There is a robust and transient innate immune response in the brain during
endotoxemia, which is associated with a cascade of
NF-kappaB signaling events and transcriptional activation of genes that encode
TNF-alpha and the
LPS receptor CD14. The present study investigated whether circulating LPS has the ability to modulate the cerebral innate immune response caused by an intrastriatal (IS) injection of the
endotoxin. We also tested the possibility that CD14 plays a role in these effects and male rats received an intracerebroventricular injection with an anti-CD14 before the IS LPS administration. The single LPS bolus into the striatum caused a strong and time-dependent transcriptional activation of
TNF-alpha,
IkappaBalpha, CD14, and
monocyte chemoattractant protein-1 mRNA in microglial cells ipsilateral to the site of injection.

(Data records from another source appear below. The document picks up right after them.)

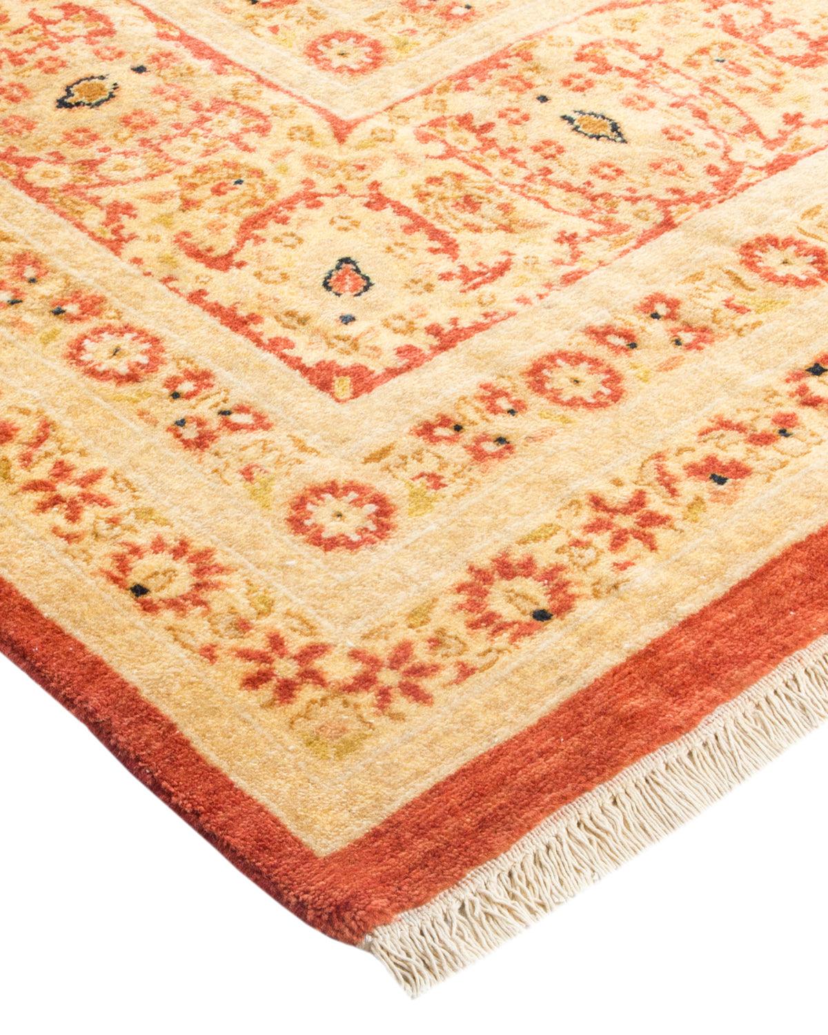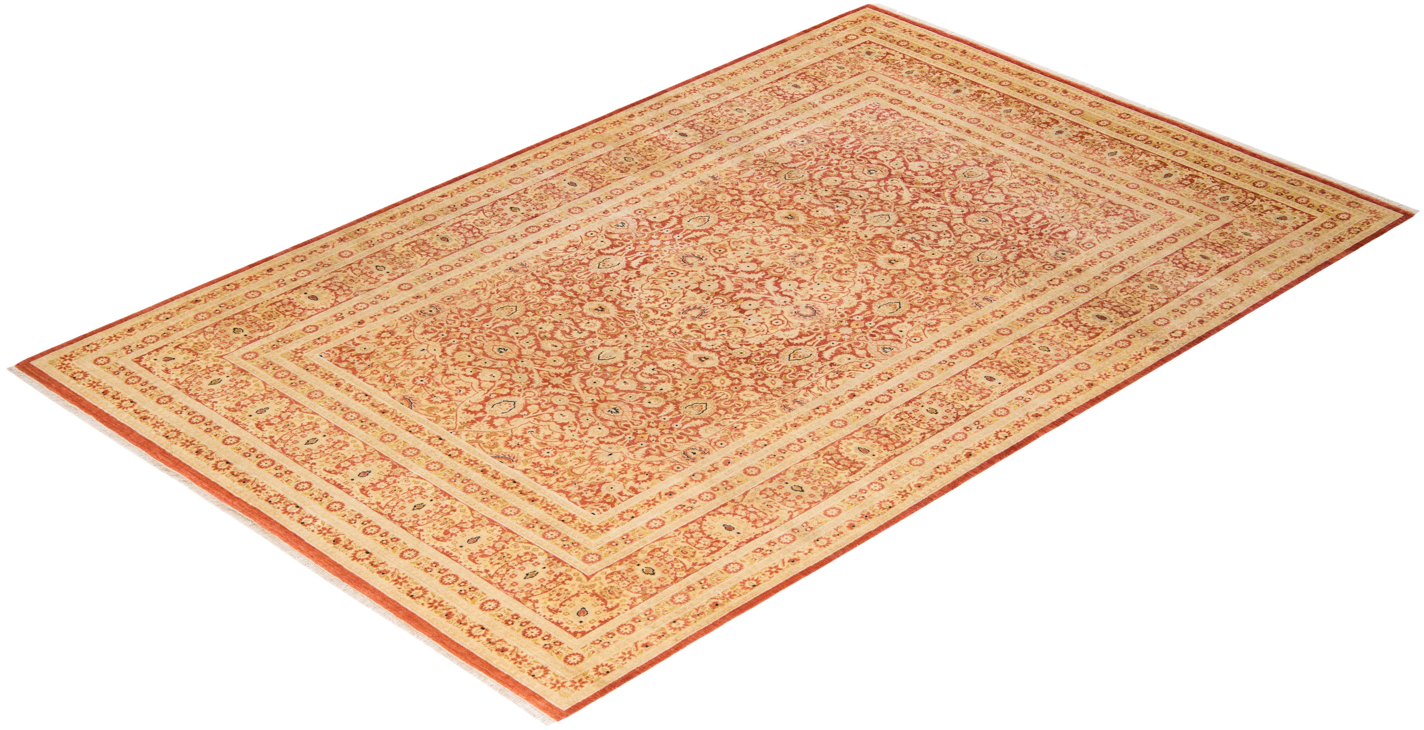 Traditional Hand Knotted Mogul Floral Orange Area Rug 6' 1" x 9' 5"
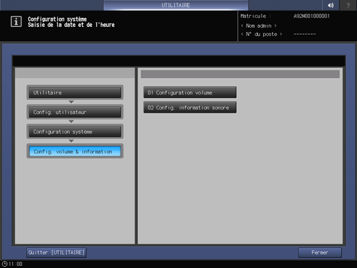 Appuyez consécutivement sur Configuration système sur l'écran Menu Réglage utilisateur et appuyez sur Réglage volume & information et Sélection information sonore.
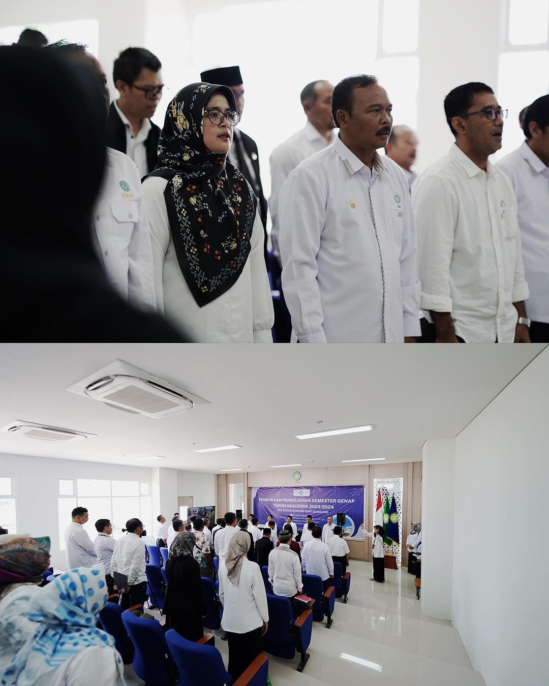 Hadir dalam pembukaan perkuliahan perdana itu, Rektor UIN Sunan Gunung Djati Bandung, Prof. Dr. H. Rosihon Anwar, M.Ag didampingi para Wakil Rektor, para Kepala Biro, para Dekan dan Wakil Dekan, Direktur dan Wakil Direktur Pascasarjana.
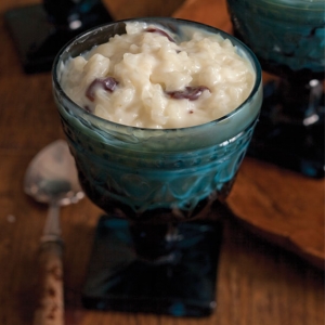 - In a large saucepan, combine milk, coconut milk, rice, sugar, and salt. Bring to a boil, reduce heat, and simmer, stirring often, for 30 minutes or until rice is tender. Stir in dried cherries and almond extract. Pour into 4 small bowls.
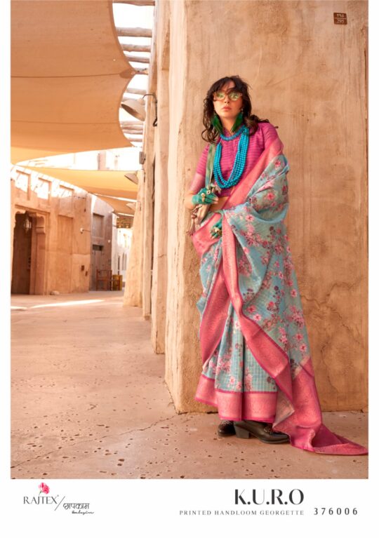 Rajtex K U R O saree presenting new Georgette print handloom collection wholesaler and manufacturer in Surat
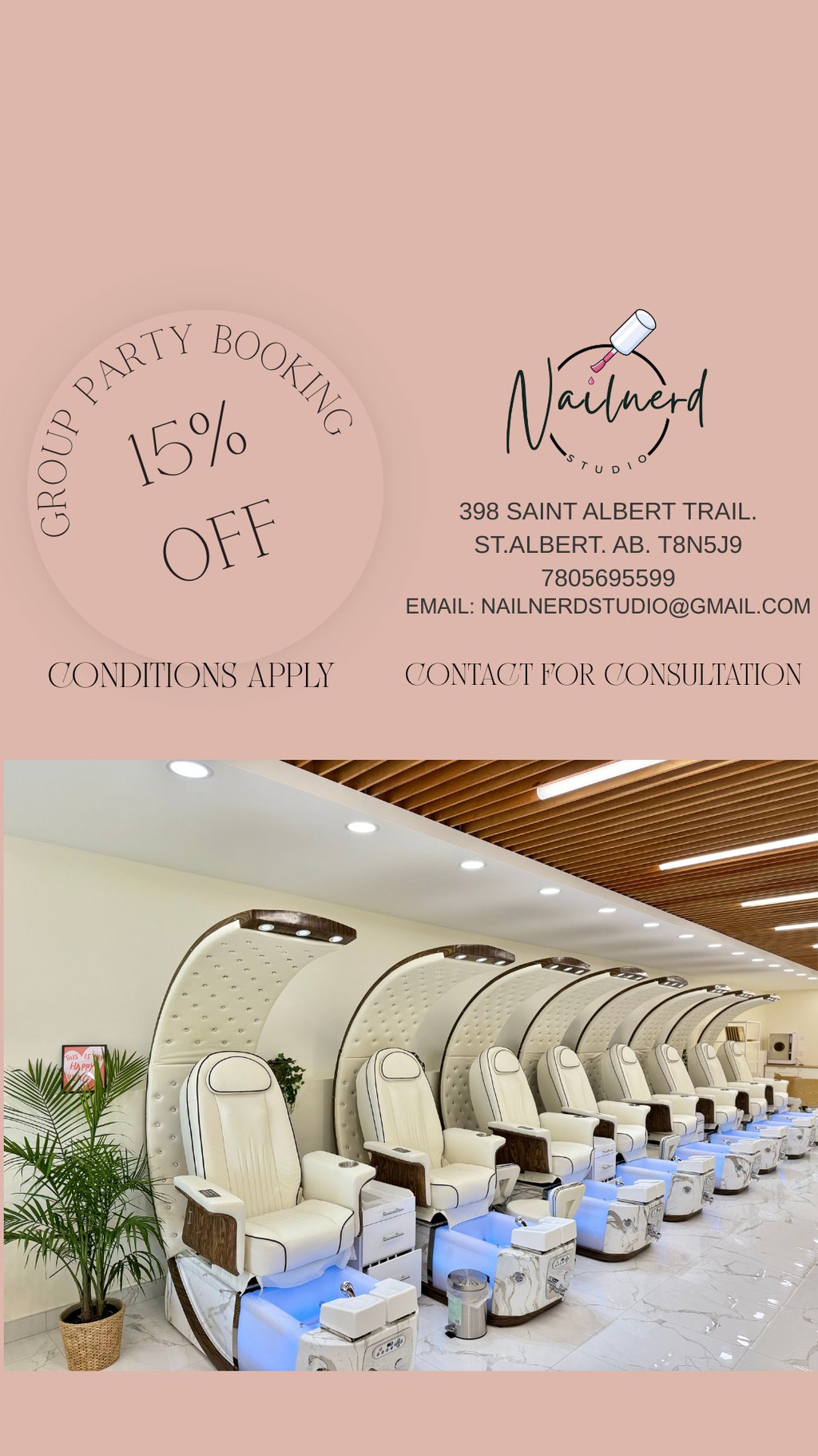 Contact: Call at 7805695599 or email: nailnerdstudio@gmail.com
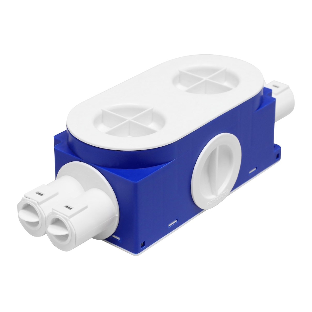 Modulsystemet kan kombineres, som du ønsker. Med et udvalg af tilbehør er der en løsning til alt! Den patenterede Twist-låsning af forbindelser og tilbehør muliggør tilslutning af rør op til 50 mm til boksene! Standardforbindelser, der medfølger boksene, er altid til både 16 og 20 mm rør. Forbindelserne er udstyret med låseplader i rustfrit stål og tætningspropper med håndtag. Håndtaget eliminerer behovet for værktøj ved afmontering. Fås som enkeltbokse, 1,5 bokse og dobbeltbokse. Alle bokse leveres med gipsafdækning. Fremstillet af halogenfri plast, der er genanvendelig og miljøvenlig.
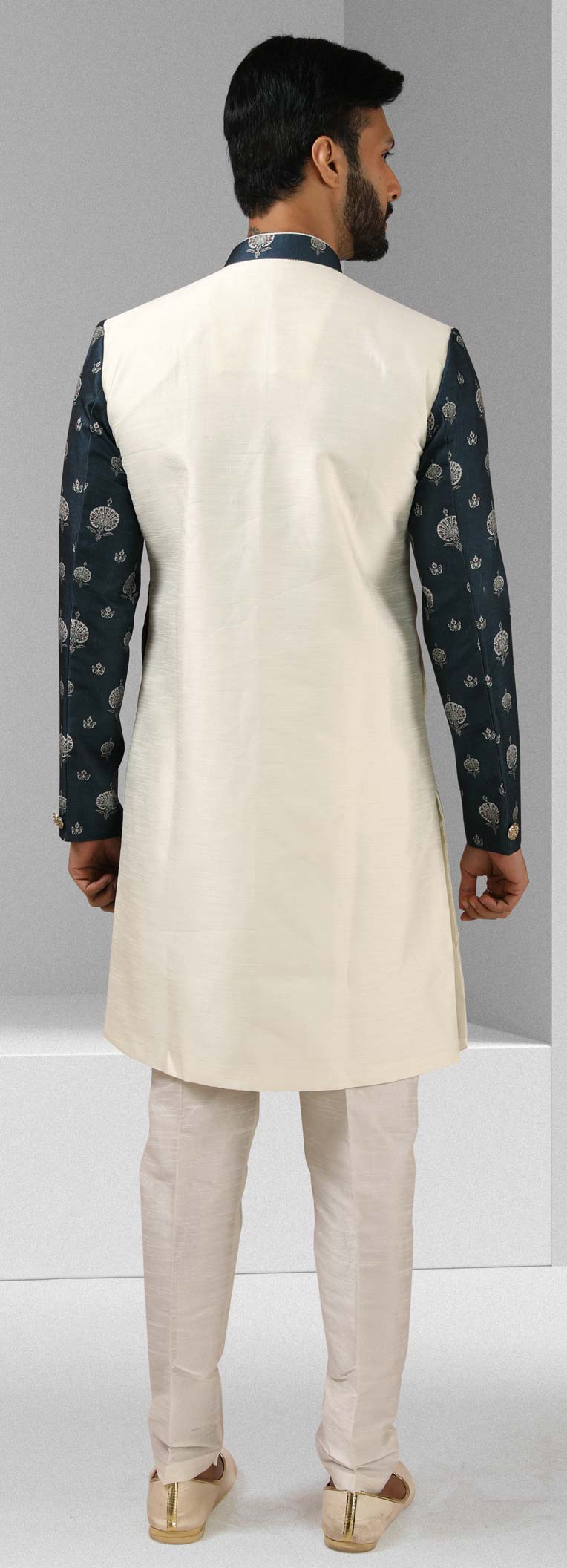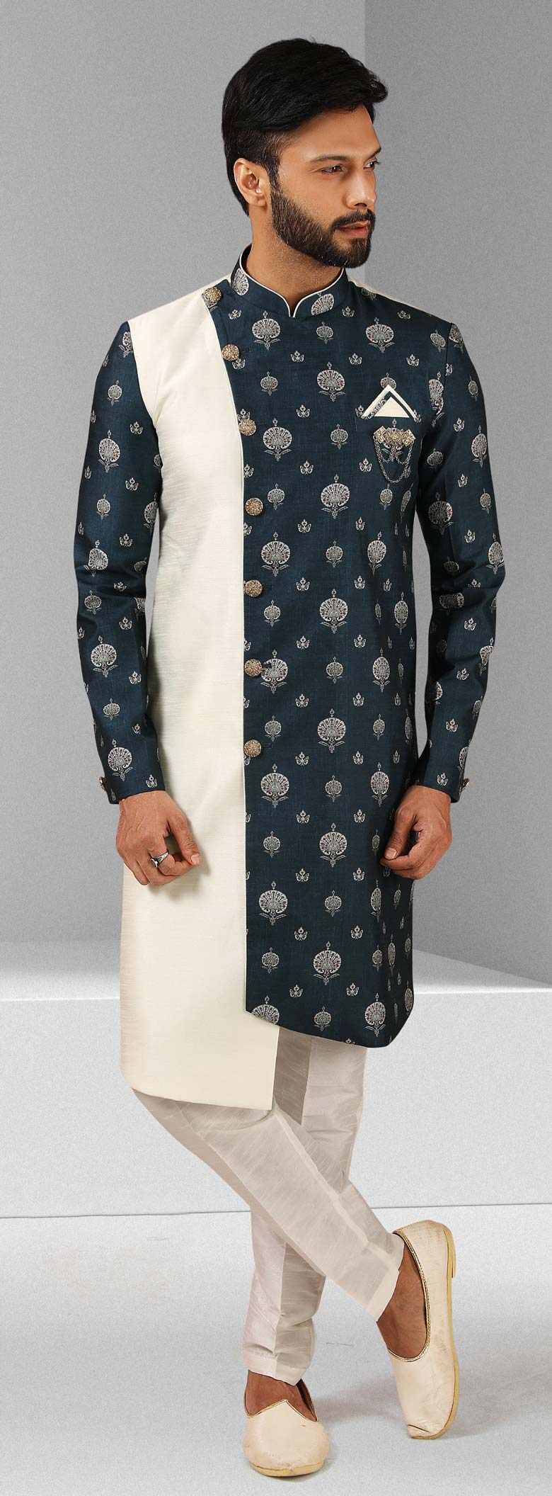 Beige and Brown, Blue color IndoWestern Dress in Art Silk fabric with Printed work

Surprisingly, this wave of induced transcripts was essentially abolished by the systemic
endotoxin pretreatment. Such anti-inflammatory properties of circulating LPS are mediated via plasma
corticosterone, because exogenous
corticoids mimicked while
glucocorticoid receptor antagonist
RU486 prevented the effects of systemic
endotoxin challenge. Of interest is the partial involvement of CD14 in LPS-induced
neuroinflammation; the anti-CD14 significantly abolished the microglial activity at day 3, but not at times earlier. The inflammatory response provoked by an acute intraparenchymal LPS bolus was not associated with convincing neurodegenerative processes. These data provide compelling evidence that systemic
inflammation, through the increase in circulating
glucocorticoids, has the ability to prevent the cerebral innate immune reaction triggered by an IS
endotoxin injection. This study also further consolidates the existence of such system in the brain, which is finely regulated and its transient activation is not harmful for the neuronal elements.